Dear friends,
Since very young in New Jersey I would look for pictures of mountains and lakes. I've never fancied oceans. But lakes with forests, mountains and greenery really attract me. It was not just an attraction to a scene, but it touched something very deep inside of me. A feeling to be there or I belong there was very strong in me. I would be excited and wish to be there. I would look for books to see mountains with forests and I still do. I even keep posters of mountains/forests these days and stare at it. I know I belong there. I wouldn't be lonely at all. I visualize that I am there.

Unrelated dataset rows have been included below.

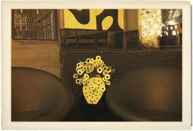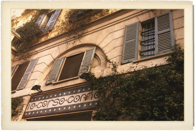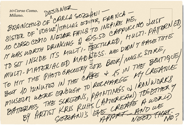 [Brainchild of designer Carla Sozzani—sister of Vogue/Italia’s editor, Franca—10 Corso Como never fails to inspire me. It was worth drinking a €5.50 cappuccino just to sit inside its multi-textured, multi-patterned, multi-materialed madness. We didn’t have time to hit the photo gallery or book/music store, but 10 minutes in the cafe and 15 in the boutique/museum were enough to recharge my creative batteries. The screens, paintings and ironworks by artist Kris Ruhs (American) together with Sozzani’s eye create a world apart—and we need that, no?]
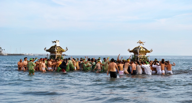 Two mikoshi (portable Shinto shrines/divine palanquins), supported by local men and women, locked in “battle” in the ocean just off the Zaimokuza area of Yuigahama Beach.
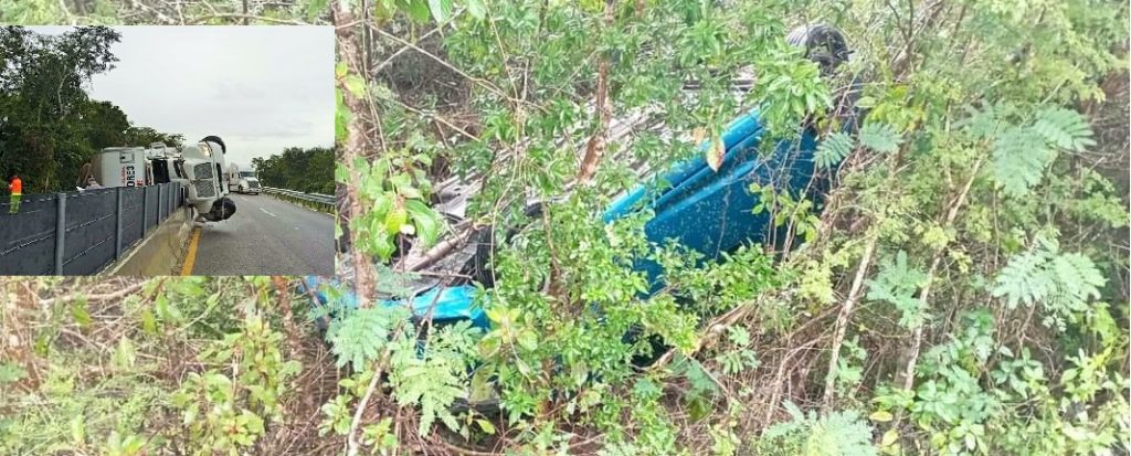 Asimismo en el kilómetro 196  de la  autopista Mérida-Cancún, un tractocamion de caja cerrada placas del servicio Público federal de una empresa de paquetería y mudanzas terminó volcada.
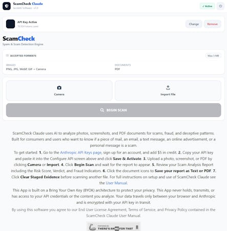 The application operates on a Bring Your Own Key (BYOK) model, integrating directly with the Anthropic API using credentials you provision and manage. To get started, visit console.anthropic.com, create a free account, add a minimum of $5 in credits, and generate an API key. Paste the key into ScamCheck Claude and click Save & Activate — no installation required. Each scan incurs a usage fee determined by the complexity and size of the submitted media, typically ranging between four and eight cents per photo or screenshot and up to twelve cents for a multi-page PDF. No subscription fees apply and costs correspond solely to processing volume.
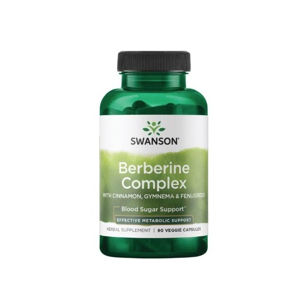 Berberine Complex de Swanson es un suplemento en cápsulas vegetales que contiene una combinación de 150 mg de Berberina HCl con canela, gymnema y fenogreco, diseñado para apoyar la salud cardiovascular y optimizar el metabolismo del azúcar en sangre.
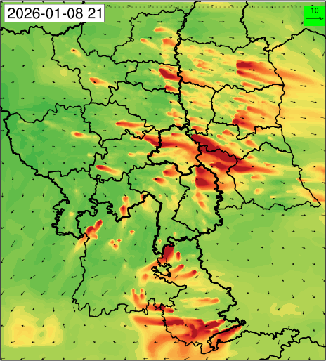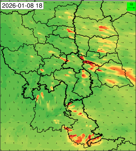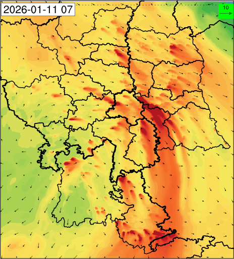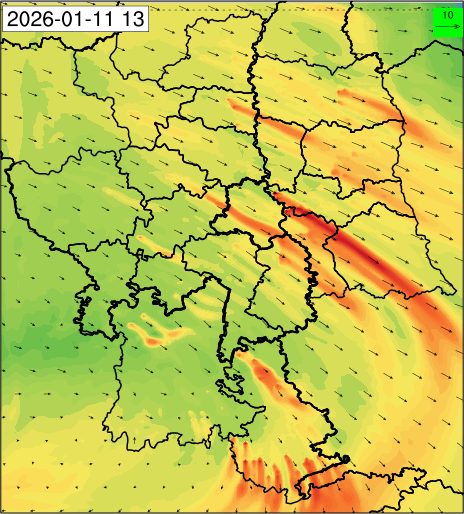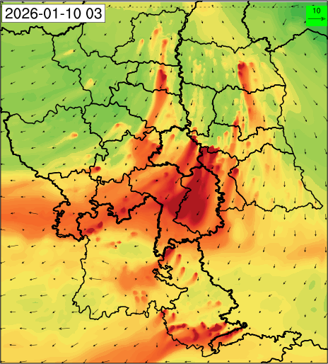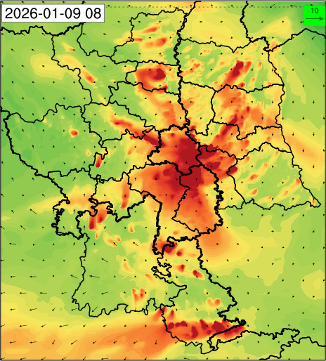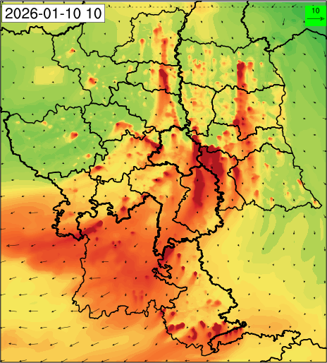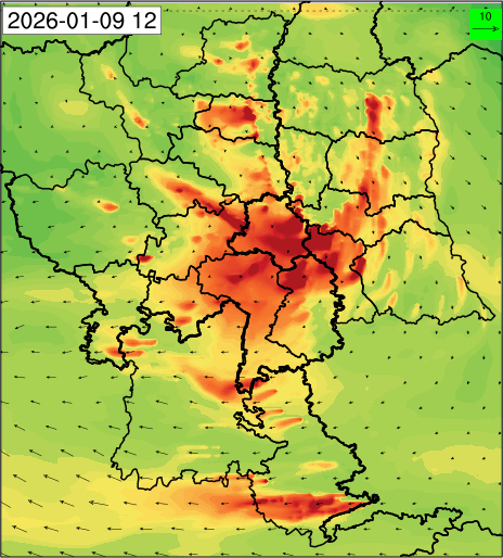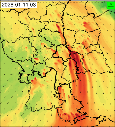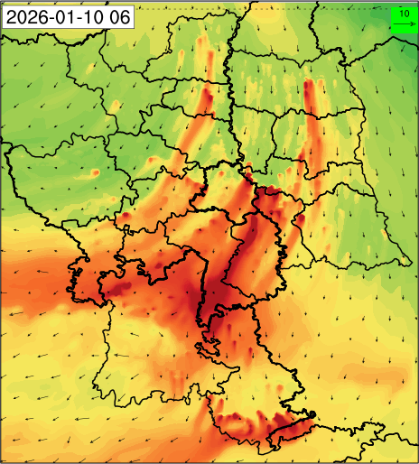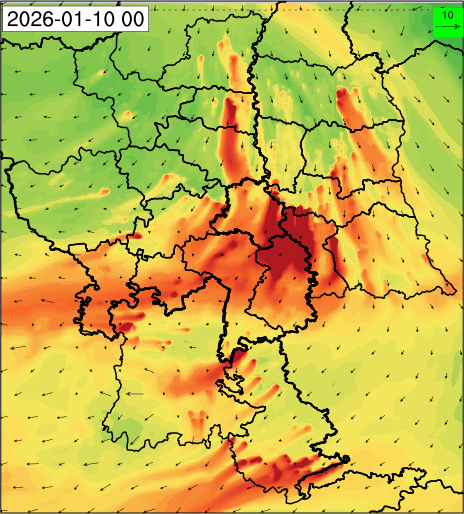 3. Predicted maximum mixing depth is likely to be 900m on 13.01.2026, 850m on 14.01.2026, 800 m on 15.01.2026, and 750 m on 16.01.2026 over Delhi. Ventilation index is likely to be 4500 m2/s on 13.01.2026, 4500 m2/s on 14.01.2026, 4000 m2/s on 15.01.2026 and 3200 m2/s on 16.01.2026 over Delhi. The ventilation index lower than 6000 m2/s with average wind speed less than 10 kmph is unfavourable for dispersion of pollutants.
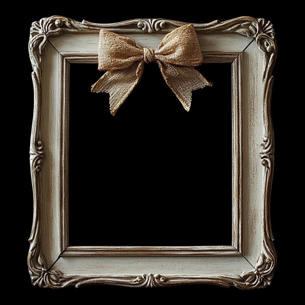 Создано на основе запроса: shabby chic picture frame with wooden bow on top of frame, black background

Now three decades later, I still haven't gotten the chance to live in such a place although I long for it very much. I wish for it very much. A house near a lake or river with mountains and forests is what I long for. I don't know when I can achieve this, but my 'work' and 'duties' keep me from it.

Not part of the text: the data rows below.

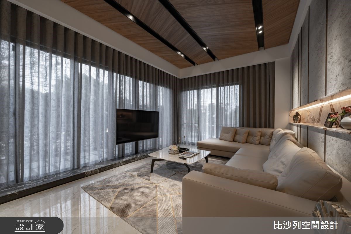 善用挑高近 6 米的優勢,客餐廳連成一線,主臥起居室則規劃在二樓,一眼即能飽覽一樓的客廳背牆設計及戶外景觀,不只達到屋主期待的視覺開闊要求,更讓坪效犧牲換來最大的生活尺度。
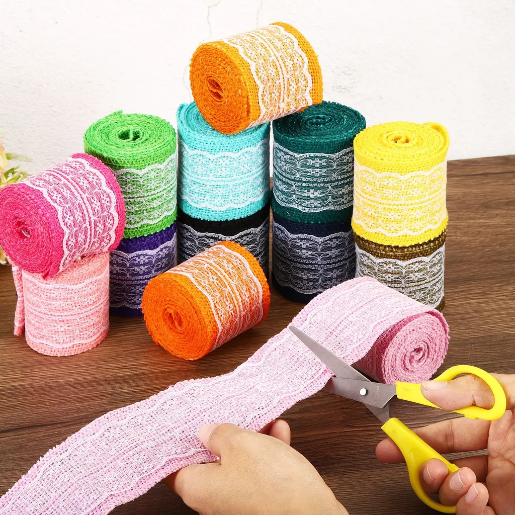 Add a touch of rustic elegance to your craft projects with this 3pc 2.4" Wide 2.2 Yards Burlap Ribbon White Lace Wrapping Crafts Roll. Made from high-quality burlap fabric, this ribbon roll is not only visually appealing but also soft and comfortable to the touch. It's perfect for adding a charming bow or wrapping items, making it versatile for various art crafts, wine bottle decoration, package decoration, flower arrangement, DIY cloth sewing, and more. The roll comes in a convenient size of 60mm x 2m / 2.4 Inch x 2.2 Yard and can be easily cut into any length or shape using scissors. With its compact roll shape, storage and transportation are a breeze. Enhance your creations with this beautiful burlap ribbon lace roll.Features:
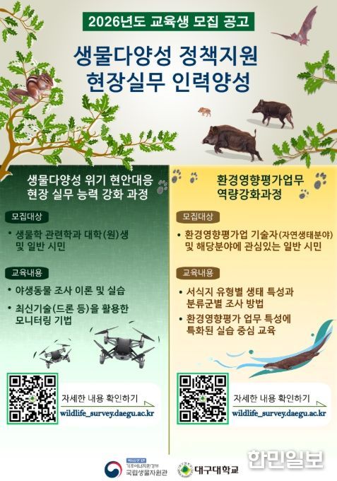 한민일보 서울포커스 진광성 기자 | 기후에너지환경부 소속 국립생물자원관은 3월 24일부터 ‘2026년 생물다양성 정책지원 현장실무 인력양성’ 교육 참가자 110명을 모집한다고 밝혔다.
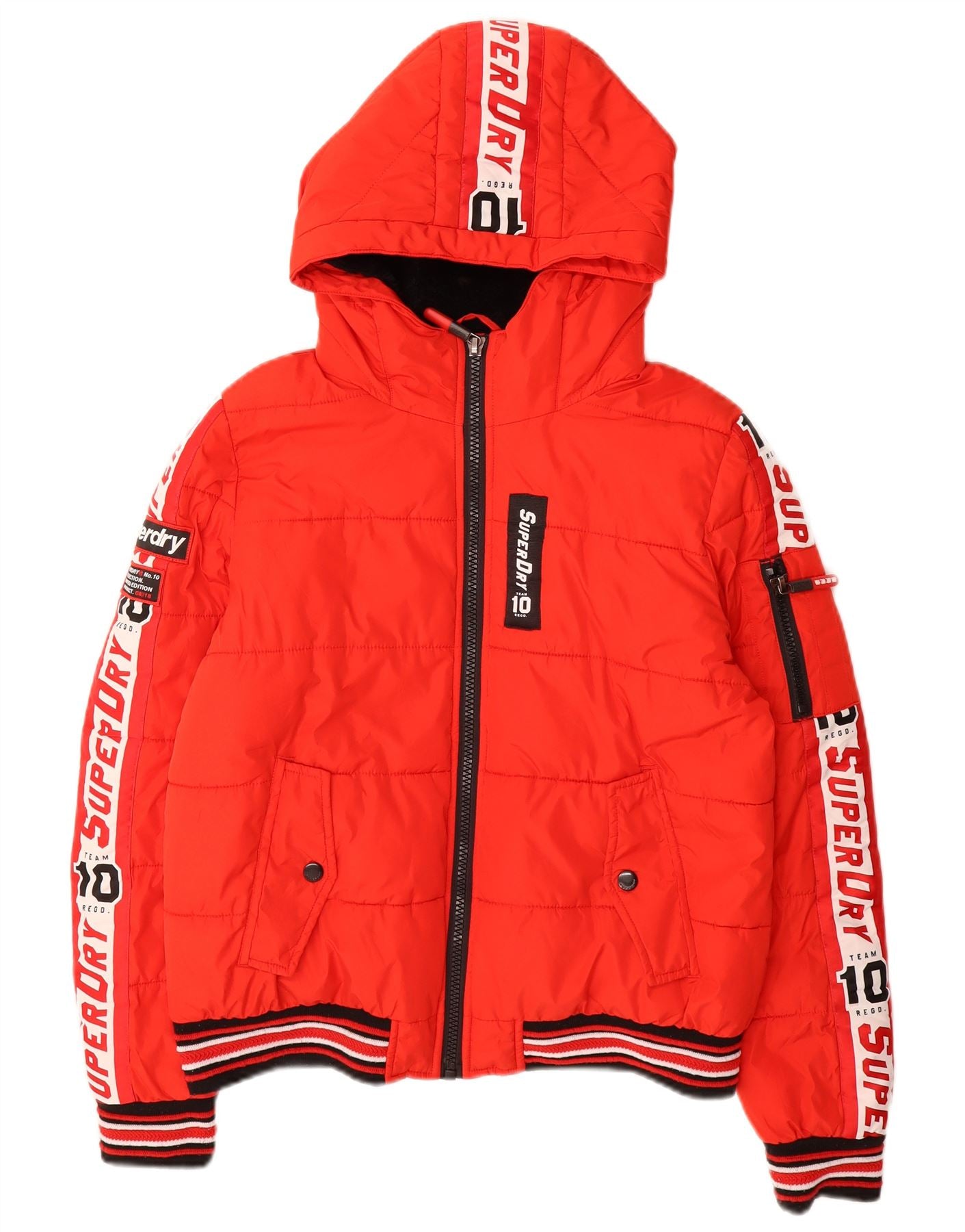 - AI Description: This Superdry womens padded jacket comes in a vibrant red woven fabric. It features a practical hooded design and a full zip closure. The padded construction offers warmth and comfort. Long sleeves and a regular fit ensure ease of wear. Functional pockets add utility. A distinctive logo accent completes the sporty aesthetic.

A house in the mountains would be my dream and do practice. No politics, mind games, not many people, not many worldly proprieties to be forced into doing. No fundraising, no events, no convincing others, not having to answer tons of questions, answer tons of doubts. Be subjected to unfair scrutinies and unnecessary comments. Year after year to explain what I am doing or beg, cajole and ask people to help. No more dealing with instabilities, unstable people, unreliable people, and ungrateful people. I don't dislike them, but they sure make the work extra hard. I wish to be in the mountains not so much to escape from all this, but to do what I really want-practice. If it was escape, I wouldn't have longed for this even when I was very young. Well a blog is where you share yourself both pleasant and unpleasant thoughts I guess, so I am sharing in my e-journal here.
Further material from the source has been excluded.